Attached is a patch that implements this.

>  6) Profit!
> 
> Since I'm not working on PPC or ARM systems, I favor option 1 to undo the
> regression from Reid's change. When someone else gets enthusiastic about those
> platforms, they can fix them more generally.

Comment 15 Török Edwin 2010-04-04 06:19:22 PDT

Created attachment 4631 [details]
PowerPC JIT workaround

Workaround: always emit indirect calls in JIT mode for PowerPC.

Comment 16 Eric Christopher 2010-04-06 12:04:04 PDT

Seems somewhat reasonable, I'm probably missing something but I'm not seeing SetJITMode ever called?

Comment 17 Török Edwin 2010-04-06 12:41:25 PDT

(In reply to comment #16)
> Seems somewhat reasonable, I'm probably missing something but I'm not seeing
> SetJITMode ever called?

It is called in PPCTargetMachine.cpp:
bool PPCTargetMachine::addCodeEmitter(PassManagerBase &PM,
                                      CodeGenOpt::Level OptLevel,
                                      JITCodeEmitter &JCE) {
  // The JIT should use the static relocation model in ppc32 mode, PIC in ppc64.
  // FIXME: This should be moved to TargetJITInfo!!
  if (Subtarget.isPPC64()) {
    // We use PIC codegen in ppc64 mode, because otherwise we'd have to use many
    // instructions to materialize arbitrary global variable + function +
    // constant pool addresses.
    setRelocationModel(Reloc::PIC_);
    // Temporary workaround for the inability of PPC64 JIT to handle jump
    // tables.
    DisableJumpTables = true;      
  } else {
    setRelocationModel(Reloc::Static);
  }
  
  // Inform the subtarget that we are in JIT mode.  FIXME: does this break macho
  // writing?
  Subtarget.SetJITMode();

Comment 18 Eric Christopher 2010-04-06 12:54:36 PDT

Aha.
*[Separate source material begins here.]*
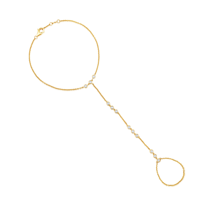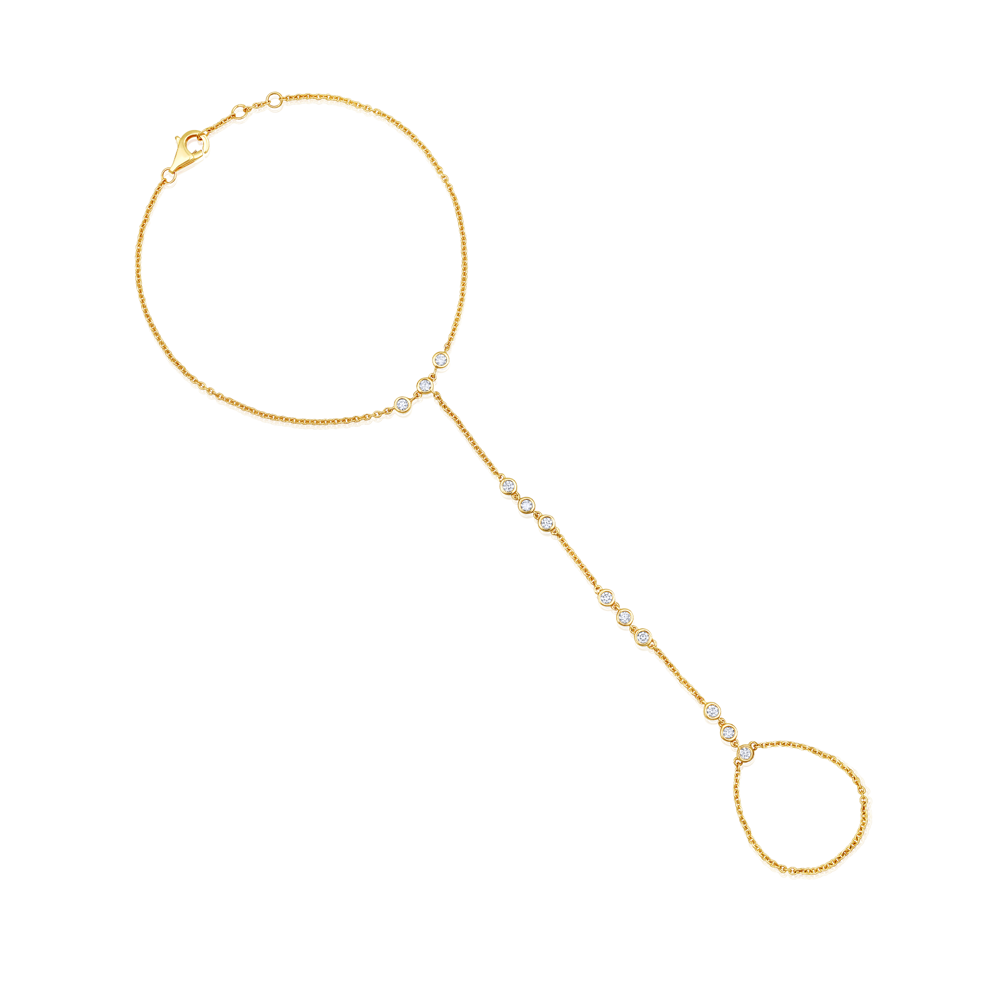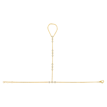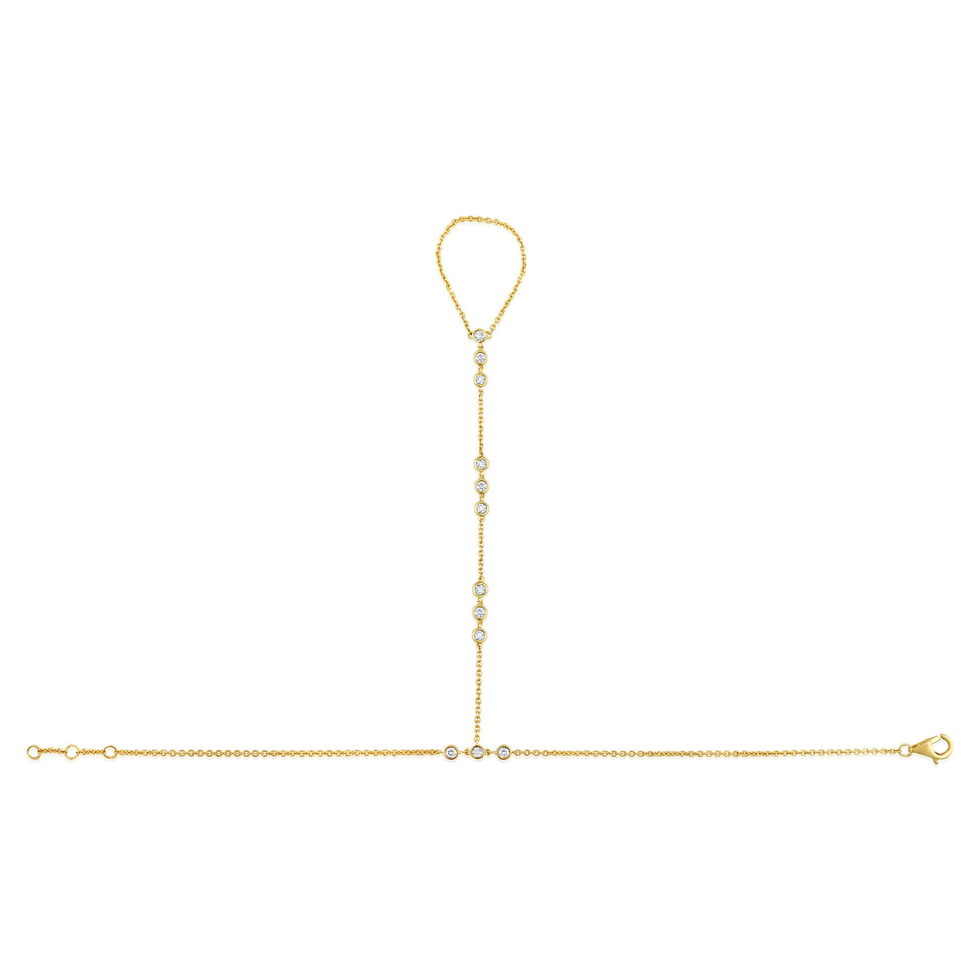 Indulge in luxury with our 14k Yellow Gold Hand Chain. Adorned with 12 round diamond bezel settings, totaling 0.39 CRT, this hand chain will add a touch of elegance and sparkle to any outfit. Elevate your style and feel confident with this truly stunning piece.

For some reason I thought I'd see it set in the diff.

Comment 19 Xerxes Rånby 2010-04-23 07:52:35 PDT

(In reply to comment #15)
> Created an attachment (id=4631) [details]
> PowerPC JIT workaround
> 
> Workaround: always emit indirect calls in JIT mode for PowerPC.
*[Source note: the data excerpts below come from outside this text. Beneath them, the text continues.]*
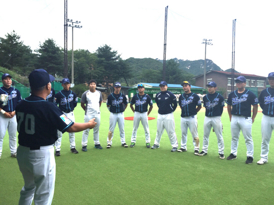 | 경기후 선수단 미팅 모습. 사진제공=연천 미라클 |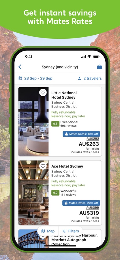 Our mates get instant travel discounts on selected hotels, flights, car hire, activities and more. Sign in on the app and save 10% or more on over 100,000 hotels worldwide with Mates Rates, plus up to 35% when adding select hotels to your flight.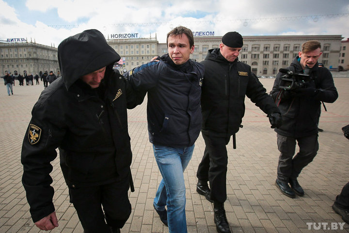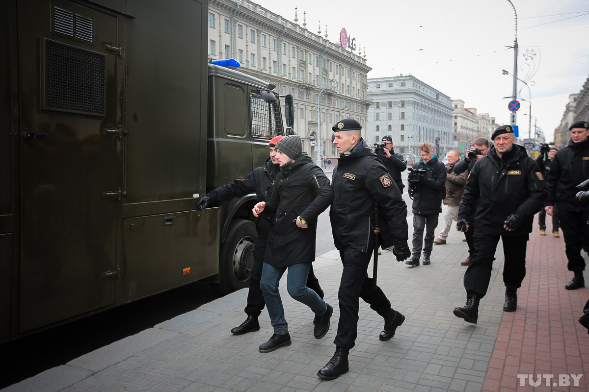 После команды милиции «Задерживаем всех!» к площади подъехало два автозака. ОМОНовцы увезли около двадцати человек. Среди них — правозащитница Татьяна Ревяко, руководитель «Арт-сядзібы» Павел Белоус с женой, журналист Роман Протасевич, поэт Стась Карпов с братом.

With the patch applied on LLVM 2.7 makes the PowerPC JIT fail to resolve 
llvm.memset.* intrinsics: bug 6902 (contains testcase and additional info)

Comment 20 Xerxes Rånby 2010-05-19 15:43:04 PDT

(In reply to comment #6)
> On PowerPC a short jump can only go 5Mb in each direction, so trying to keep
> the slabs "close enough" might be a losing battle.
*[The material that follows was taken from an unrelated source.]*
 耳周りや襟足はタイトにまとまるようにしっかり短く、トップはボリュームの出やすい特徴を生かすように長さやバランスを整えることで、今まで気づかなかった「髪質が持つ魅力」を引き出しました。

I have hit this bug using the ARM JIT.
On ARM a short jump can only go 32Mb in each direction, while it happens less frequently on ARM than on PowerPC it still can happen.
This bug looks plausible to fix for ARM by generating a long branch to any address within the 4Gb addresspace by emitting the following when outside the +-32Mb scope:
mov lr, pc
mov pc, #stubaddress

Comment 21 Török Edwin 2010-08-04 15:46:34 PDT

Created attachment 5324 [details]
new patch for PowerPC JIT workaround

New patch, that passes PR6902 too.

Comment 22 Xerxes Rånby 2010-08-09 04:09:26 PDT

Török's PPC workaround got commited to:
http://llvm.org/viewvc/llvm-project?view=rev&revision=110246

ARM got a new -arm-long-calls option to force calls to be indirect
that got commited to:
http://llvm.org/viewvc/llvm-project?view=rev&revision=101303
A possible fix would be to enable this new option by default on ARM.

Comment 23 Török Edwin 2010-08-09 04:11:15 PDT

(In reply to comment #22)
> Török's PPC workaround got commited to:
> http://llvm.org/viewvc/llvm-project?view=rev&revision=110246
> 

Can you test if it works with OpenJDK too?

Comment 24 Xerxes Rånby 2010-09-10 08:47:30 PDT

Created attachment 5476 [details]
pr5201-ppcfix-llvm2.8-rc1-openjdk-fail.log

(In reply to comment #23)
> (In reply to comment #22)
> > Török's PPC workaround got commited to:
> > http://llvm.org/viewvc/llvm-project?view=rev&revision=110246
> > 
> 
> Can you test if it works with OpenJDK too?

Unfortunately:
PPC JIT still asserts with reallocation out of range errors when I test using LLVM 2.8 rc1.

Comment 25 Eric Christopher 2015-10-15 22:54:50 PDT

Is this still affecting anyone?

Comment 26 Reid Kleckner 2015-11-17 11:45:06 PST

The old JIT has been deleted, and MCJIT doesn't suffer from this problem. It sometimes has a different class of issues where it fatal errors during relocation resolution, but we already have issues open for that.